What is required:
An exact copy of the data is needed, one that excludes all pictures.

Input data:
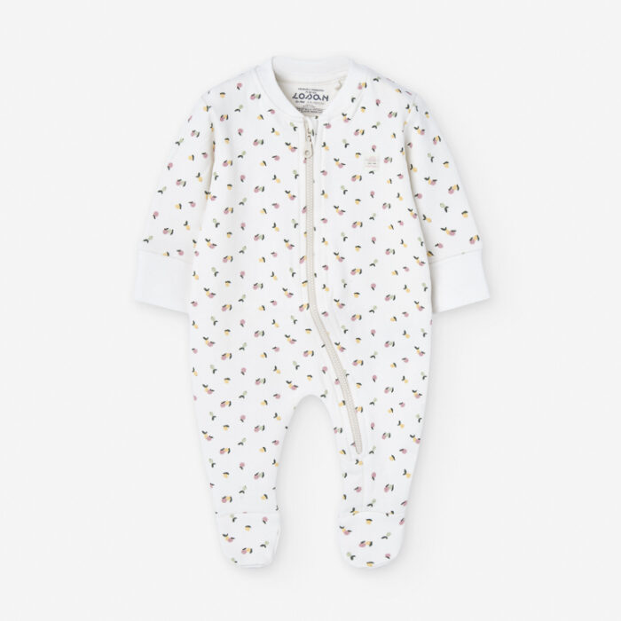 Su estampado total sobre fondo en color crudo le da un toque dulce y elegante, ideal tanto para dormir como para los momentos de descanso en casa. La apertura total delantera con cremallera facilita el cambio de ropa o pañal, haciendo que sea tan práctico como bonito.
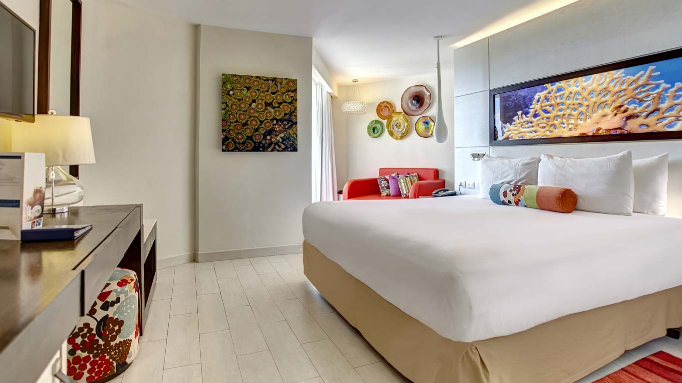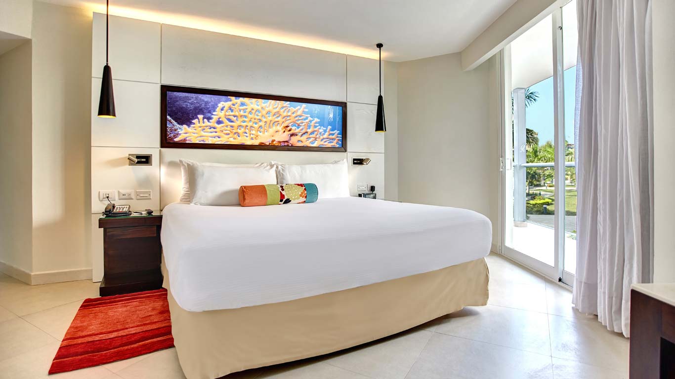 The Luxury Ocean View Rooms at Royalton White Sands Resort feature 1 King Bed, 2 Twin Beds or 1 Full and 1 Twin Bed, comfortable Double Sofa Bed, brightly decorated room overlooking the ocean from the balcony or terrace.
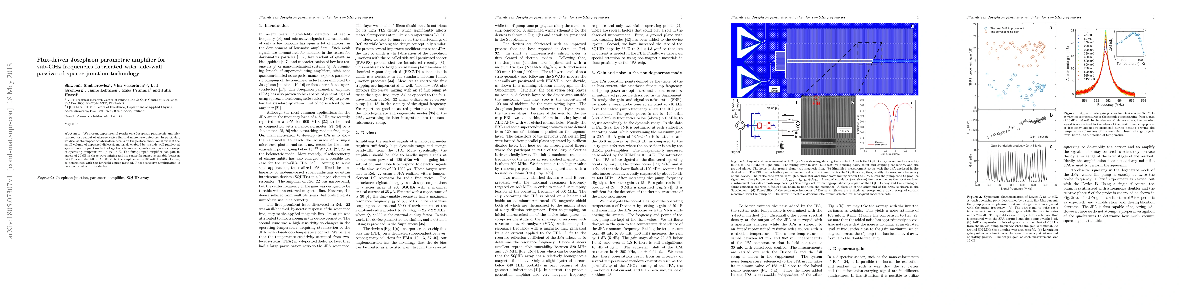 We present experimental results on a Josephson parametric amplifier tailored for readout of ultra-sensitive thermal microwave detectors. In particular, we discuss the impact of fabrication details on the performance. We show that the small volume of deposited dielectric materials enabled by the side-wall passivated spacer niobium junction technology leads to robust operation across a wide range of operating temperatures up to 1.5 K. The flux-pumped amplifier has gain in excess of 20 dB in three-wave mixing and its center frequency is tunable between 540 MHz and 640 MHz. At 600 MHz, the amplifier adds 105 mK $\pm$ 9 mK of noise, as determined with the hot/cold source method. Phase-sensitive amplification is demonstrated with the device.

Output for this exercise:
 Su estampado total sobre fondo en color crudo le da un toque dulce y elegante, ideal tanto para dormir como para los momentos de descanso en casa. La apertura total delantera con cremallera facilita el cambio de ropa o pañal, haciendo que sea tan práctico como bonito.
 The Luxury Ocean View Rooms at Royalton White Sands Resort feature 1 King Bed, 2 Twin Beds or 1 Full and 1 Twin Bed, comfortable Double Sofa Bed, brightly decorated room overlooking the ocean from the balcony or terrace.
 We present experimental results on a Josephson parametric amplifier tailored for readout of ultra-sensitive thermal microwave detectors. In particular, we discuss the impact of fabrication details on the performance. We show that the small volume of deposited dielectric materials enabled by the side-wall passivated spacer niobium junction technology leads to robust operation across a wide range of operating temperatures up to 1.5 K. The flux-pumped amplifier has gain in excess of 20 dB in three-wave mixing and its center frequency is tunable between 540 MHz and 640 MHz. At 600 MHz, the amplifier adds 105 mK $\pm$ 9 mK of noise, as determined with the hot/cold source method. Phase-sensitive amplification is demonstrated with the device.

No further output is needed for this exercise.